[YOUR OBJECTIVE] Copy the following data exactly and drop the pictures.

** Opening MATERIAL FOR THIS EXERCISE block **

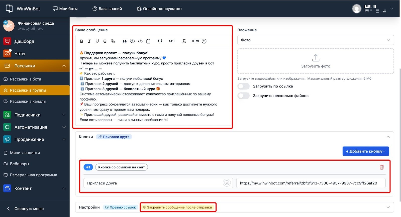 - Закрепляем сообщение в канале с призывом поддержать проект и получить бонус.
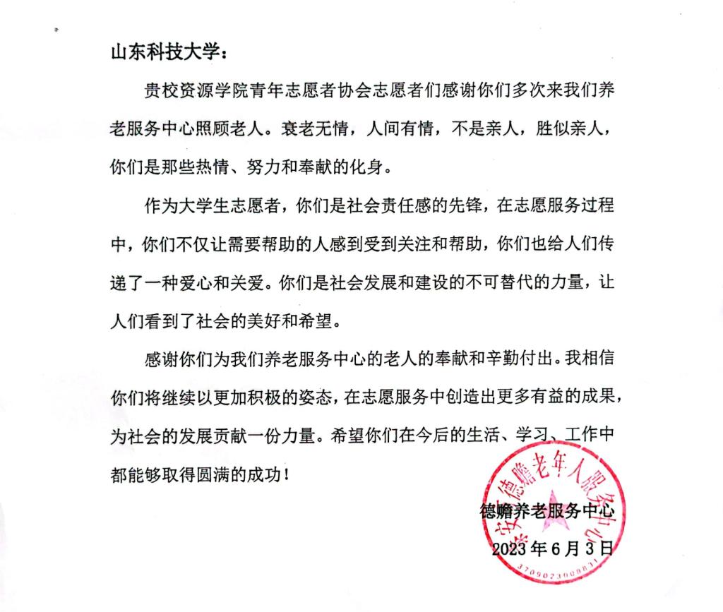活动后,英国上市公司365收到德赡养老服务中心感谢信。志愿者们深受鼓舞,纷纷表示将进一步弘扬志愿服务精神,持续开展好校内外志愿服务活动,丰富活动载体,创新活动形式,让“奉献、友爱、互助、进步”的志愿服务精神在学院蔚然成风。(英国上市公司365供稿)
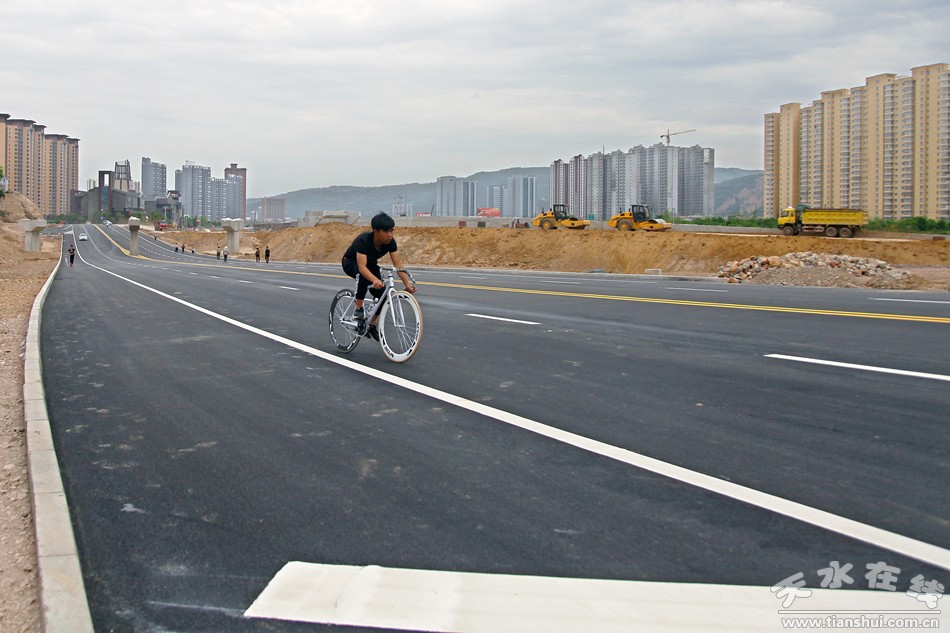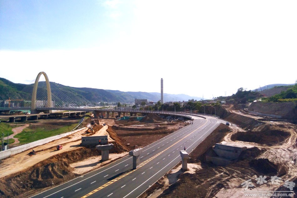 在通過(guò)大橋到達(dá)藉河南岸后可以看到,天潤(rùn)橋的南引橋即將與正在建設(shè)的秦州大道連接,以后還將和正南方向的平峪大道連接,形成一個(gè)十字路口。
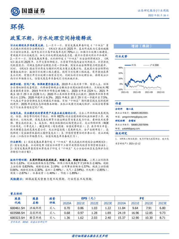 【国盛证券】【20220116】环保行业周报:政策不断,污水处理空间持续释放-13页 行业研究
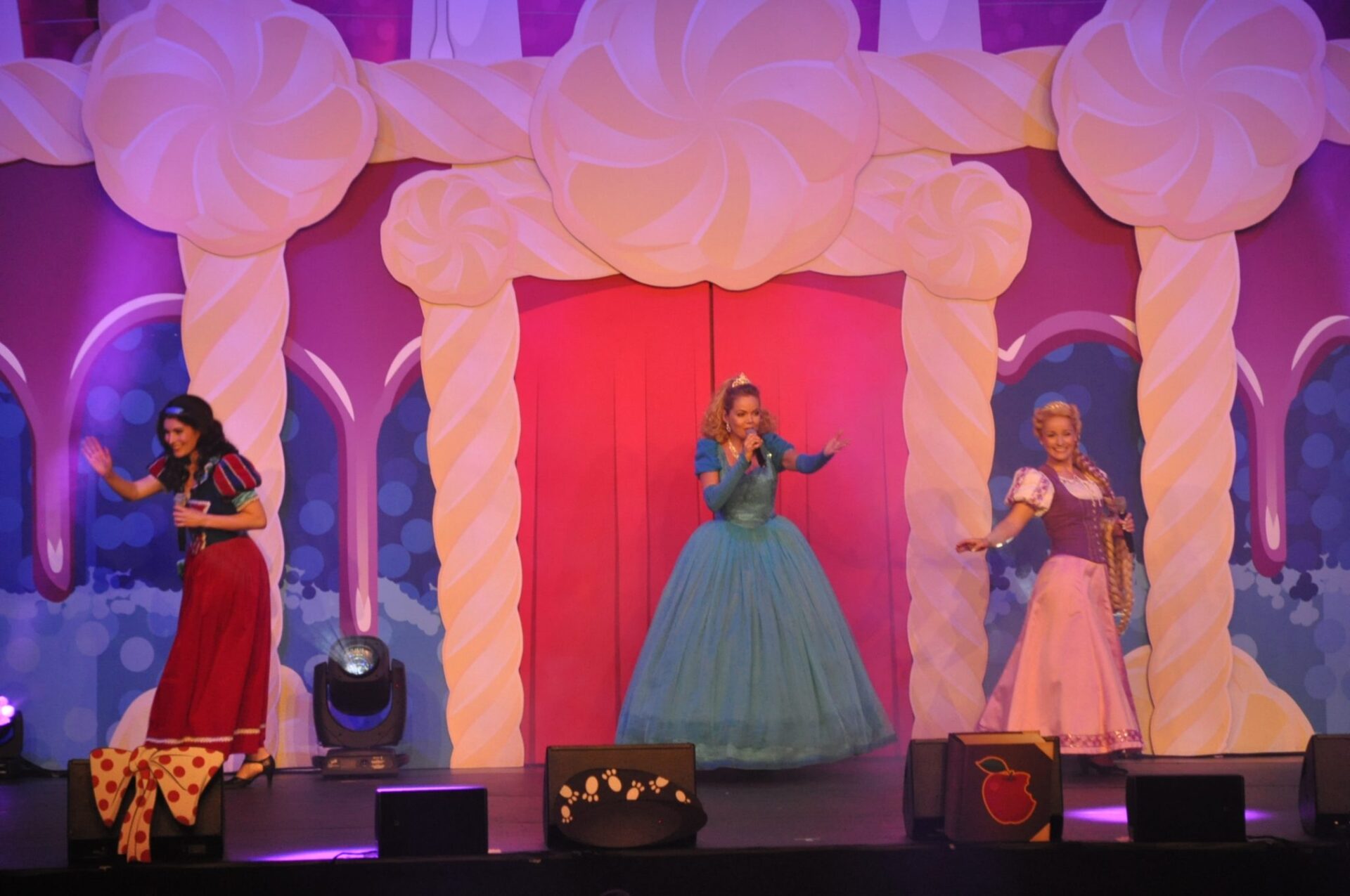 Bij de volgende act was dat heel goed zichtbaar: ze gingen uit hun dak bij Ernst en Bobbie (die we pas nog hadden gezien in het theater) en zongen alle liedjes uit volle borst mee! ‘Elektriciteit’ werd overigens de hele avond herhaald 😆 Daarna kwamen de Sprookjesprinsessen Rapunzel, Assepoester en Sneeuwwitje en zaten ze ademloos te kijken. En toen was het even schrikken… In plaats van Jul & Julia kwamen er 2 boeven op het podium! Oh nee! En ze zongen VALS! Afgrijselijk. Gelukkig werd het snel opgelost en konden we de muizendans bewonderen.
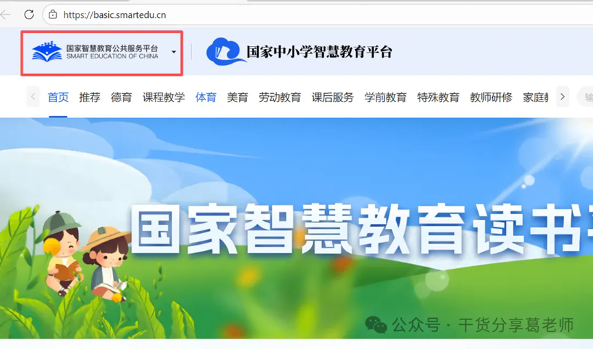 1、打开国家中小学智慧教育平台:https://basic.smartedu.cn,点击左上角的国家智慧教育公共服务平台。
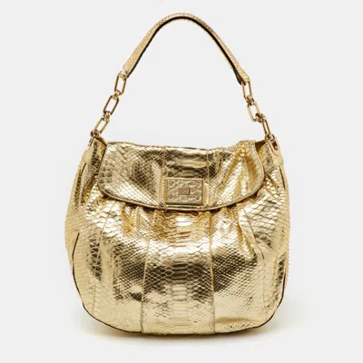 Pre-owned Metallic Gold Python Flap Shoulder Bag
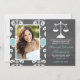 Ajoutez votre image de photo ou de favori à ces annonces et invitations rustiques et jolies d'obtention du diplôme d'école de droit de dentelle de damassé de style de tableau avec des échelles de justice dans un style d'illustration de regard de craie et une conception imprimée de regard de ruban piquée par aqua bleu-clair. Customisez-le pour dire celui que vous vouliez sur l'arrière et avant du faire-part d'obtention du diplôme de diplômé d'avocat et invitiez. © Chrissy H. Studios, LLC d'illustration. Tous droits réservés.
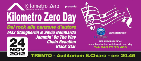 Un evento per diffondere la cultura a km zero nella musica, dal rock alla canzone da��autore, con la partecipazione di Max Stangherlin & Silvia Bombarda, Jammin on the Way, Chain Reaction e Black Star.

** Closing MATERIAL FOR THIS EXERCISE block **

[TASK OUTPUT]
 - Закрепляем сообщение в канале с призывом поддержать проект и получить бонус.
活动后,英国上市公司365收到德赡养老服务中心感谢信。志愿者们深受鼓舞,纷纷表示将进一步弘扬志愿服务精神,持续开展好校内外志愿服务活动,丰富活动载体,创新活动形式,让“奉献、友爱、互助、进步”的志愿服务精神在学院蔚然成风。(英国上市公司365供稿)
 在通過(guò)大橋到達(dá)藉河南岸后可以看到,天潤(rùn)橋的南引橋即將與正在建設(shè)的秦州大道連接,以后還將和正南方向的平峪大道連接,形成一個(gè)十字路口。
 【国盛证券】【20220116】环保行业周报:政策不断,污水处理空间持续释放-13页 行业研究
 Bij de volgende act was dat heel goed zichtbaar: ze gingen uit hun dak bij Ernst en Bobbie (die we pas nog hadden gezien in het theater) en zongen alle liedjes uit volle borst mee! ‘Elektriciteit’ werd overigens de hele avond herhaald 😆 Daarna kwamen de Sprookjesprinsessen Rapunzel, Assepoester en Sneeuwwitje en zaten ze ademloos te kijken. En toen was het even schrikken… In plaats van Jul & Julia kwamen er 2 boeven op het podium! Oh nee! En ze zongen VALS! Afgrijselijk. Gelukkig werd het snel opgelost en konden we de muizendans bewonderen.
 1、打开国家中小学智慧教育平台:https://basic.smartedu.cn,点击左上角的国家智慧教育公共服务平台。
 Pre-owned Metallic Gold Python Flap Shoulder Bag
 Ajoutez votre image de photo ou de favori à ces annonces et invitations rustiques et jolies d'obtention du diplôme d'école de droit de dentelle de damassé de style de tableau avec des échelles de justice dans un style d'illustration de regard de craie et une conception imprimée de regard de ruban piquée par aqua bleu-clair. Customisez-le pour dire celui que vous vouliez sur l'arrière et avant du faire-part d'obtention du diplôme de diplômé d'avocat et invitiez. © Chrissy H. Studios, LLC d'illustration. Tous droits réservés.
 Un evento per diffondere la cultura a km zero nella musica, dal rock alla canzone da��autore, con la partecipazione di Max Stangherlin & Silvia Bombarda, Jammin on the Way, Chain Reaction e Black Star.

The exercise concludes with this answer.